* _Required work_
Only the lines below between the one holding "The name Fortune" and the one holding "新款wanbo万播T3迷你千", inclusive, are to be reproduced word for word; the pictures are to be left out.

-----

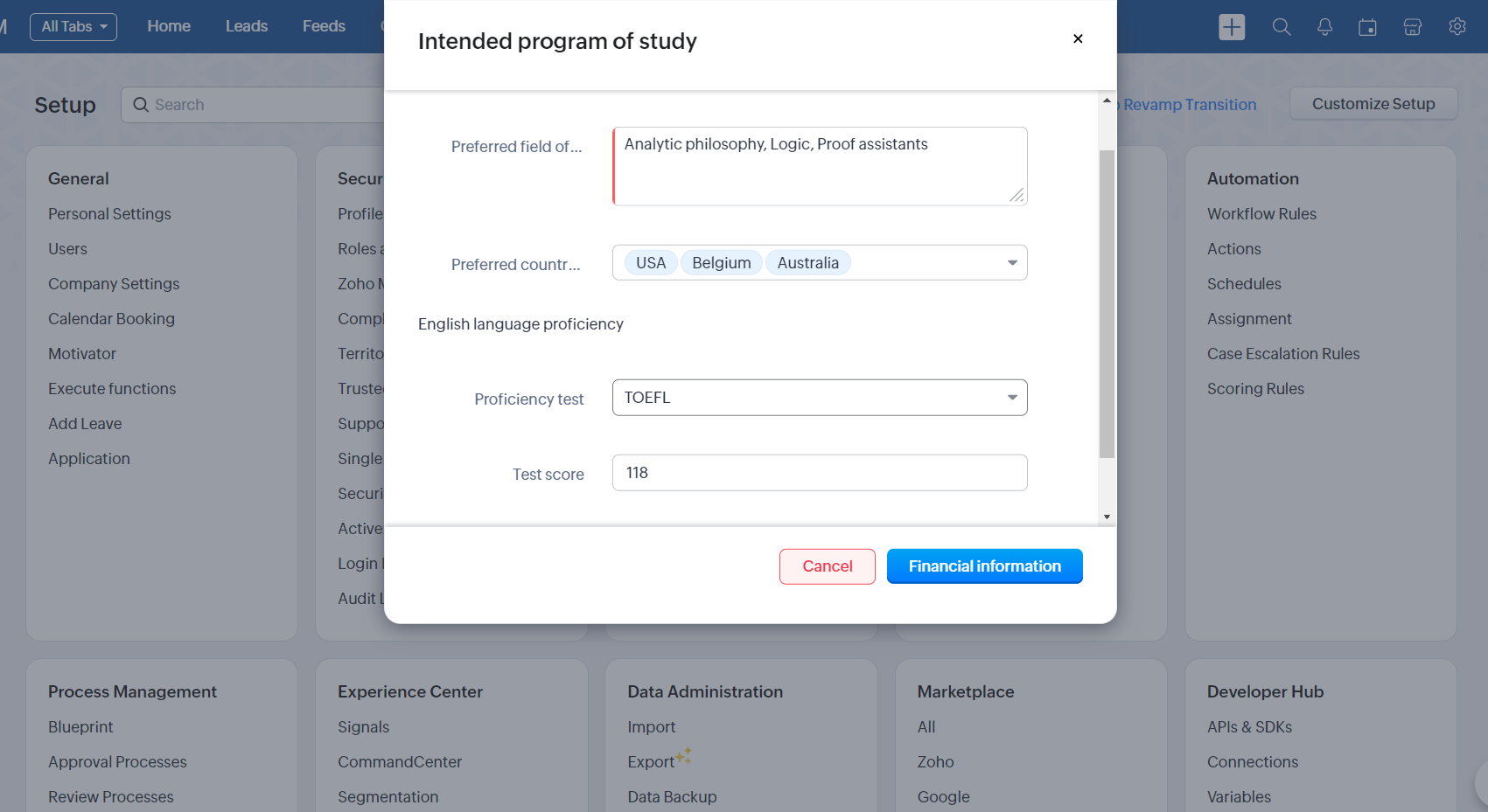 交互信息界面构建器是Zoho CRM中的无代码自定义工具。可让您创建具有自定义用户界面和操作的交互信息界面构建器,以便与CRM及其他系统中的多个模块进行无缝交互。它提供了设计个性化界面的灵活性,增强了用户体验和效率,无需编码即可构建任何自定义功能。
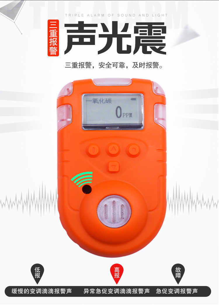 ◆ 报警系统:广角发光二极管、 85dB蜂鸣音随浓度增加频率加大、振动三重报警;
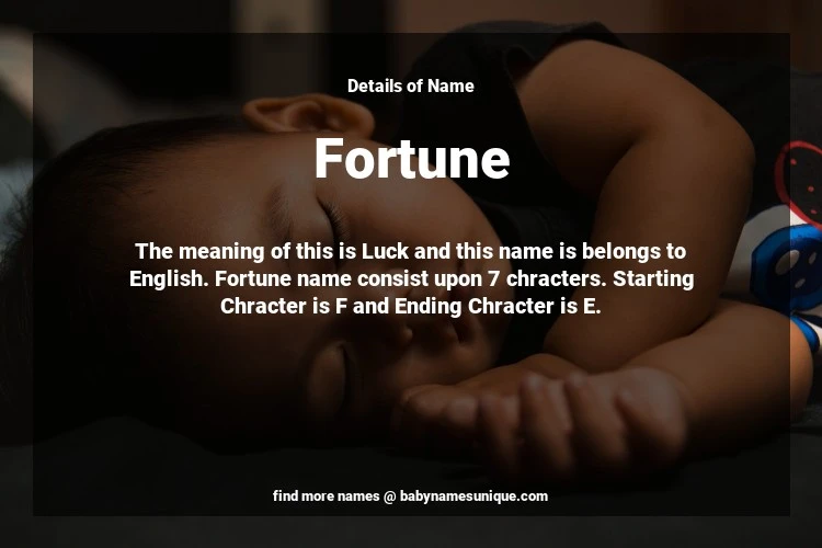 The name Fortune is chosen by those who are willing to find Unique Boy Baby Names. The meaning of this is Luck and this name is belongs to English Origin. Baby Name Fortune consist upon 7 chracters. Starting alphabet is F and ending alphabet is E. This name is used primarily by parents who are considering unique baby names for Boy. The Zodiac Sign suitbale for this name are;
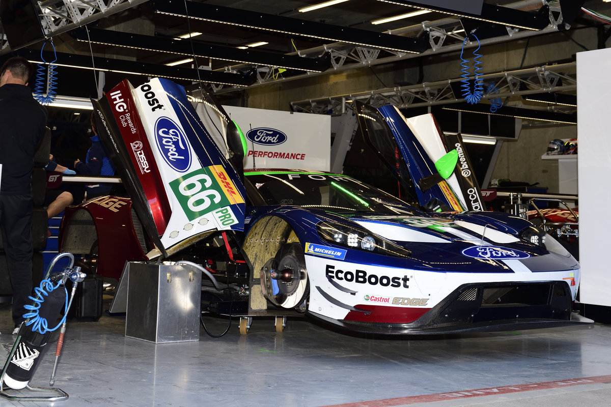 In der Box (Pitwalk) LM GTE Nr.66 Pro, Chip Ganassi Racing, Ford GT, Stefan Mücke, Olivier Pla & Billy Johnson. Langstrecken-WM (FIA WEC) – Sechs Stunden von Spa-Francorchamps 5.Mai 2018
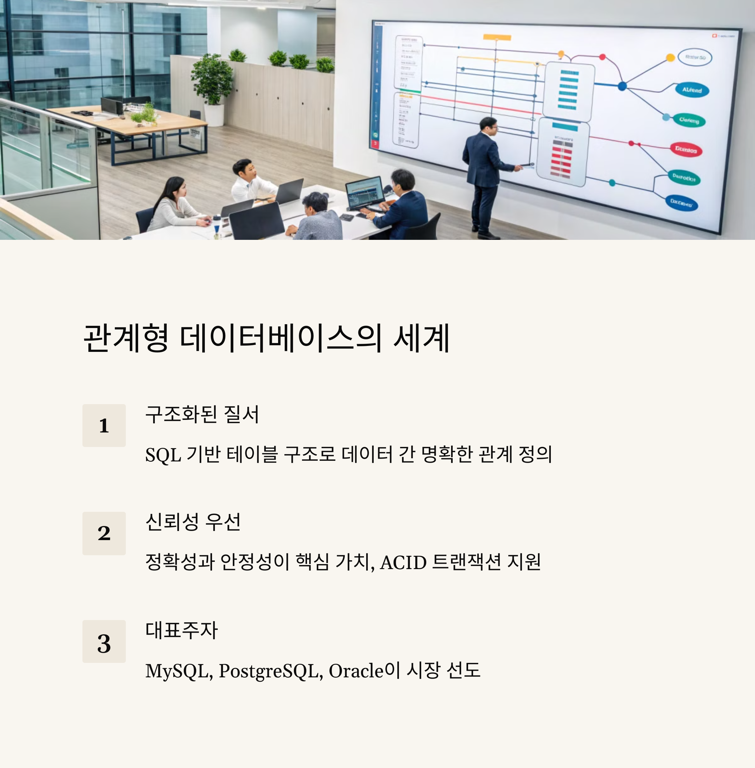 관계형 데이터베이스(RDBMS)는 데이터를 테이블 형식으로 저장하며, 정확성과 일관성이 중요한 시스템에서 사용됩니다. 대표적인 예로는 MySQL, PostgreSQL, Oracle, SQL Server 등이 있습니다. 이들은 강력한 트랜잭션 관리 기능을 제공하며, 정형화된 데이터를 처리하는데 최적화되어 있습니다.
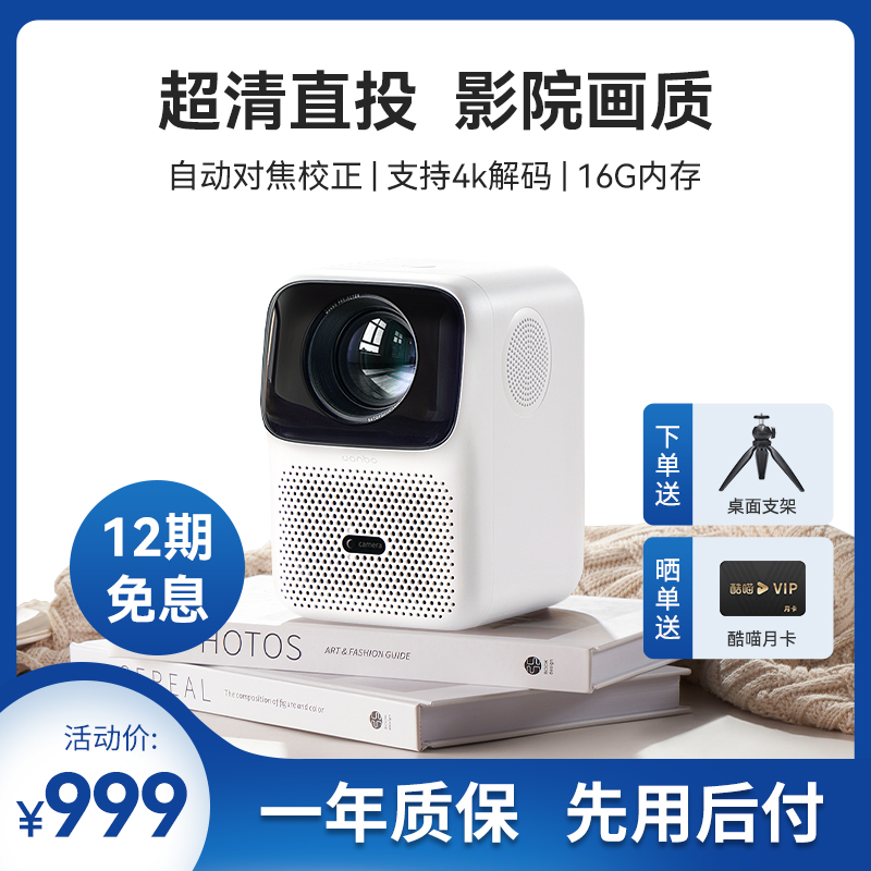 新款wanbo万播T3迷你千元投影仪1080P家用办公超高清智能家庭影院客厅卧室投墙酒店露营便携式投影机手机投屏
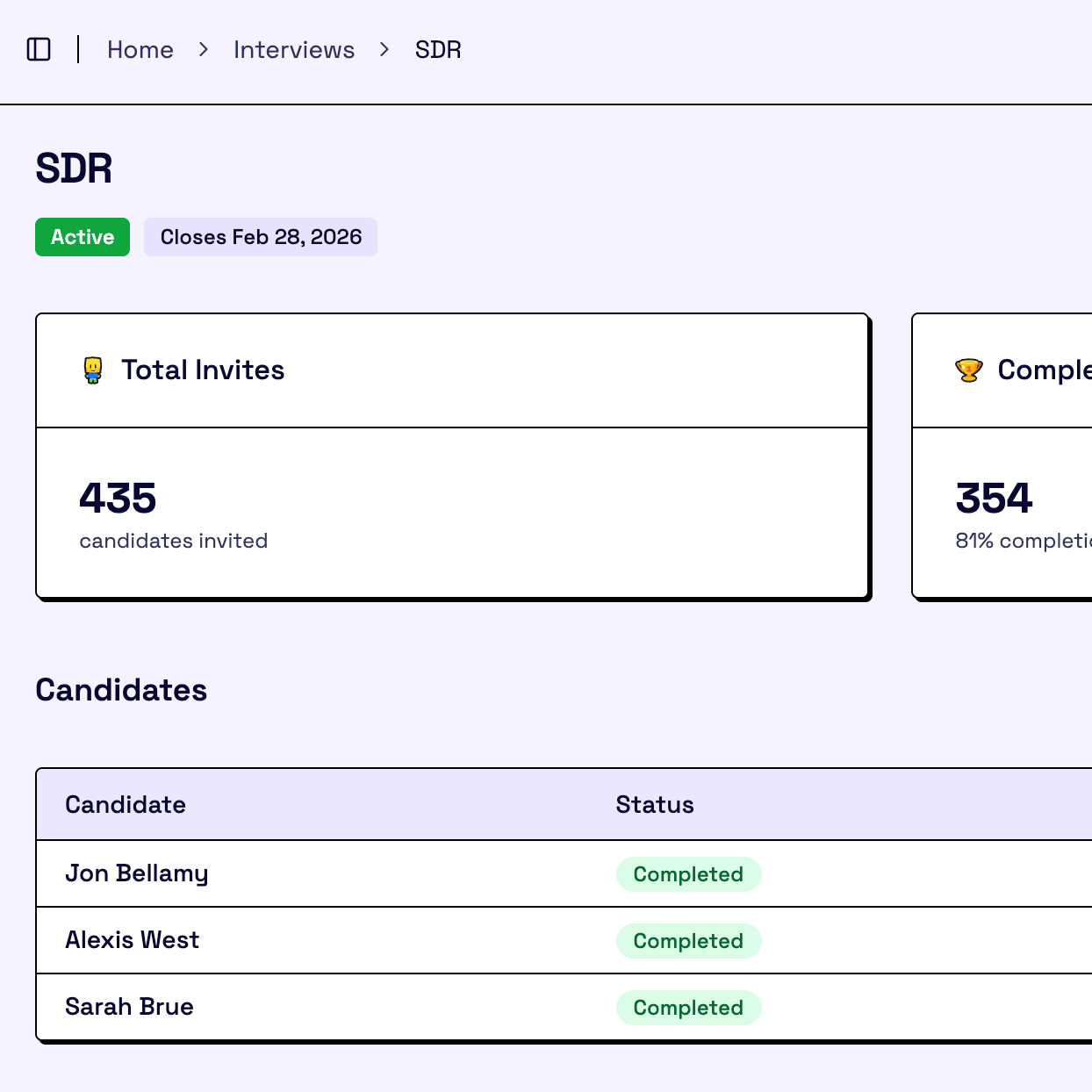 Proceed with high-scoring candidates and interview only the reps who’ve already proven they can sell.
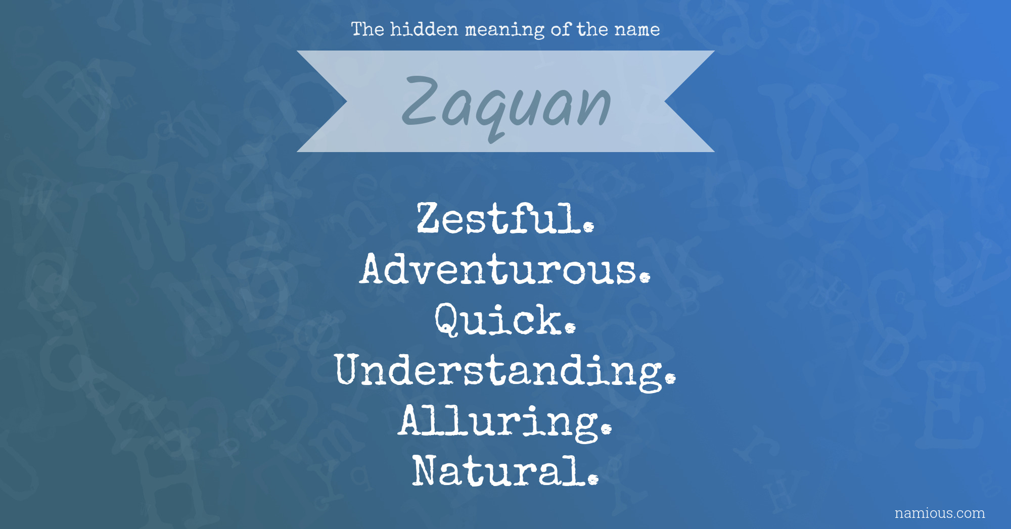 "Zaquan is a zestful, adventurous, quick, understanding, alluring and natural person."

-----

* _Result of the exercise_
 The name Fortune is chosen by those who are willing to find Unique Boy Baby Names. The meaning of this is Luck and this name is belongs to English Origin. Baby Name Fortune consist upon 7 chracters. Starting alphabet is F and ending alphabet is E. This name is used primarily by parents who are considering unique baby names for Boy. The Zodiac Sign suitbale for this name are;
 In der Box (Pitwalk) LM GTE Nr.66 Pro, Chip Ganassi Racing, Ford GT, Stefan Mücke, Olivier Pla & Billy Johnson. Langstrecken-WM (FIA WEC) – Sechs Stunden von Spa-Francorchamps 5.Mai 2018
 관계형 데이터베이스(RDBMS)는 데이터를 테이블 형식으로 저장하며, 정확성과 일관성이 중요한 시스템에서 사용됩니다. 대표적인 예로는 MySQL, PostgreSQL, Oracle, SQL Server 등이 있습니다. 이들은 강력한 트랜잭션 관리 기능을 제공하며, 정형화된 데이터를 처리하는데 최적화되어 있습니다.
 新款wanbo万播T3迷你千元投影仪1080P家用办公超高清智能家庭影院客厅卧室投墙酒店露营便携式投影机手机投屏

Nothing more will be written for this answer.